In another example of U.S. Pat. No. 9,683,267, a method of in vitro testing of a specimen is disclosed, aimed on creation of a proper mechano-regulative index in the specimen by means of introduction of a controlled size orifice in the specimen test chamber to have respectively controlled fluid flow in and out of the chamber, where the fluid is further being analysed. However, this method requires prior knowledge of the specimen's mechanical properties such as elastic modulus, requires that the specimen deformation is purely elastic and assumes full linearity of the material behavior as otherwise the mechano-regulative index is not possible to calculate. Thus this method is incapable for measurement of specimen properties.
Yet another example in U.S. Pat. No. 6,772,642 presents a high-throughput mechanical testing device, used for combinatory screening purposes of two or more specimens at once. Its application, however, is limited to flexible polymer substrates and a very simple linear elastic theory for membranes deformation. This method is silent about the outputs in case the specimen is not homogeneous, if it behaves in a non-linear way and/or undergoes some transformations affected by the loading history.

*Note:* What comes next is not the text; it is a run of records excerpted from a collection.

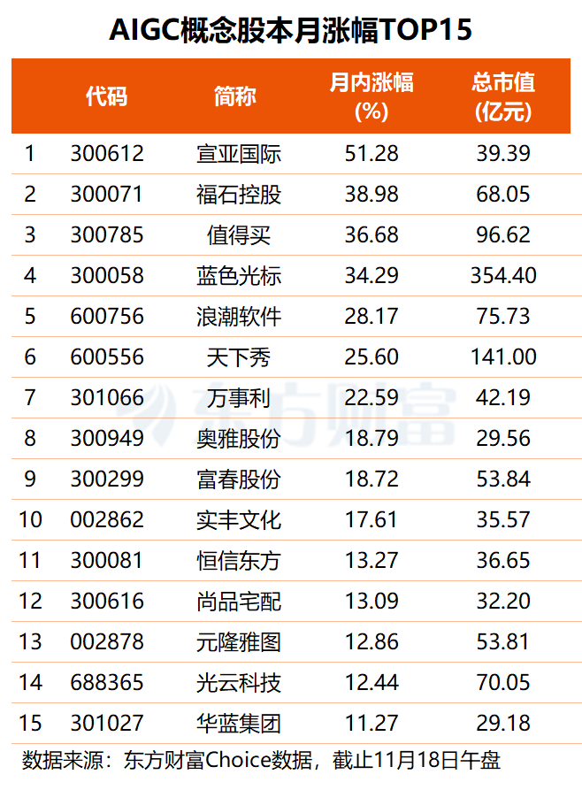 本月以来,多只概念股股价显著上涨,宣亚国际、福石控股、值得买位居前三,月内涨幅分别为51.28%、38.98%和36.68%。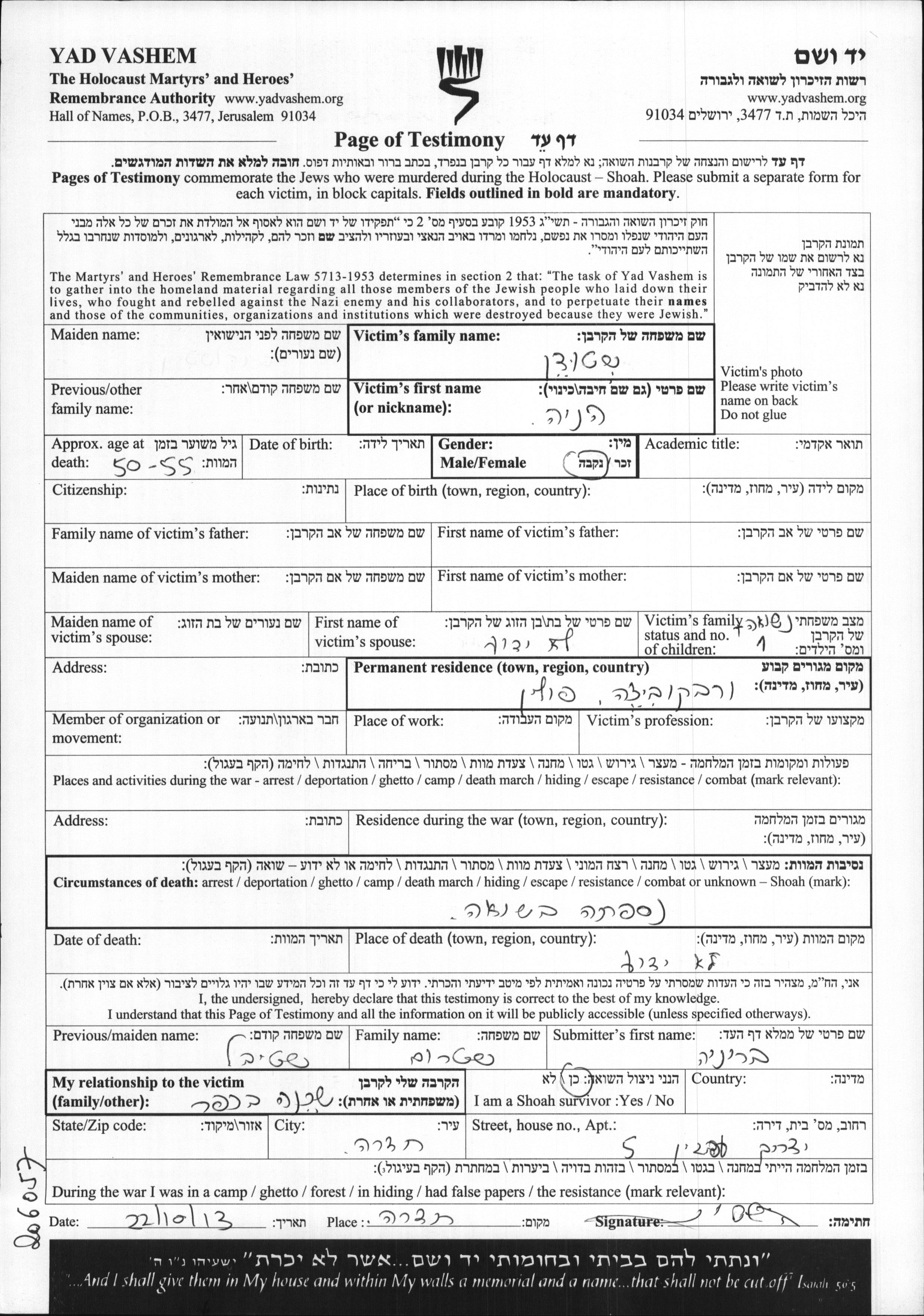 Яд Вашем - Листы свидетельских показаний Мемориального фонда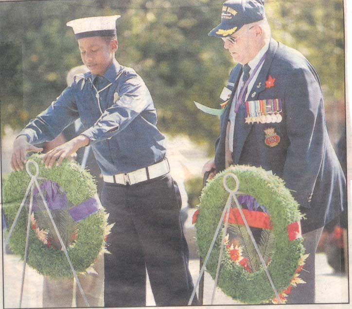 (FROM LEFT): Navy League of Canada Sea Cadet and MNV Willis Marsolais, laying a wreath at the Merchant Navy Veterans' Day Commemoration at the National War Monument, Ottawa, September 3, 2004.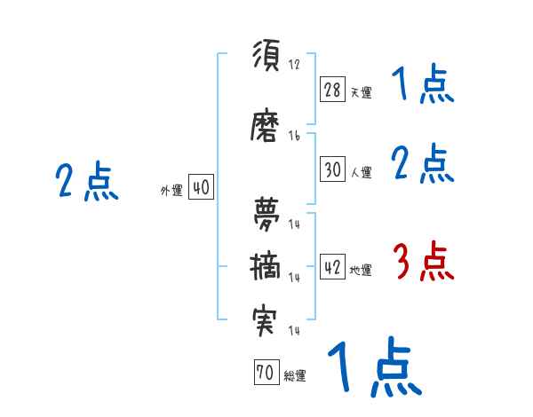 地運![]() | 須磨夢摘実さんの地運は42画の3つ星!病気に注意。多芸であるが消極的でおとなしい。 個性を表す基礎的な運勢です。性格形成や対人関係、行動力など家庭環境に影響されます。主に誕生してから20歳くらいまでの若年期の運勢を表します。 |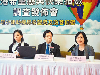 香港大學心理學系副教授何敏賢稱,中年人的快樂度和希望度比少年和年長人士低,與外國的研究結果吻合,顯示中年人需要更多的關注,希望度愈低,患上抑鬱症的風險便愈大。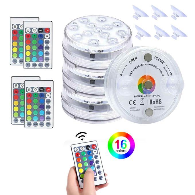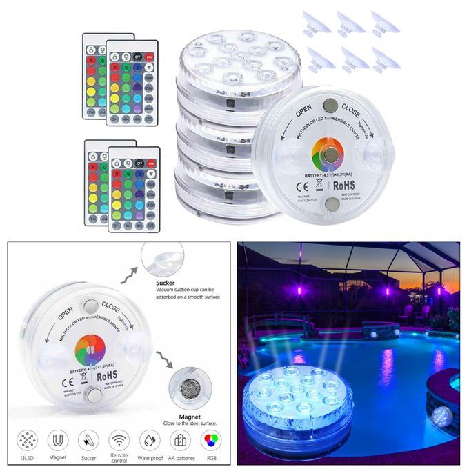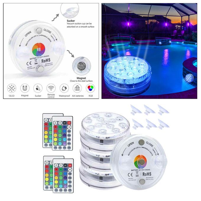 1 Piece Swimming Pool Light + 1 Piece Remote Controller or2 Pieces Swimming Pool Light + 2 Pieces Remote Controllers or4 Pieces Swimming Pool Light + 4 Pieces Remote Controllers

None of known or above presented mechanical, biomechanical or combined methods is capable to measure and evaluate time-invariant properties of biomaterials (whether with cells as ATMP or as a part of hybrid products) simultaneously in one test from a single specimen. There is no single mechanical test which is able to get simultaneously a spectrum of time-invariant materials functions including e.g. aggregate modulus, slope modulus, dynamic modulus, alpha-value spectrum, viscostiffness spectrum, permeability, permittivity, characteristic times, intrinsic modulus and viscosity spectra, effective channel size for fluid transport, etc., without application of the fluid pressure gradient and without assumption of some simplified material model.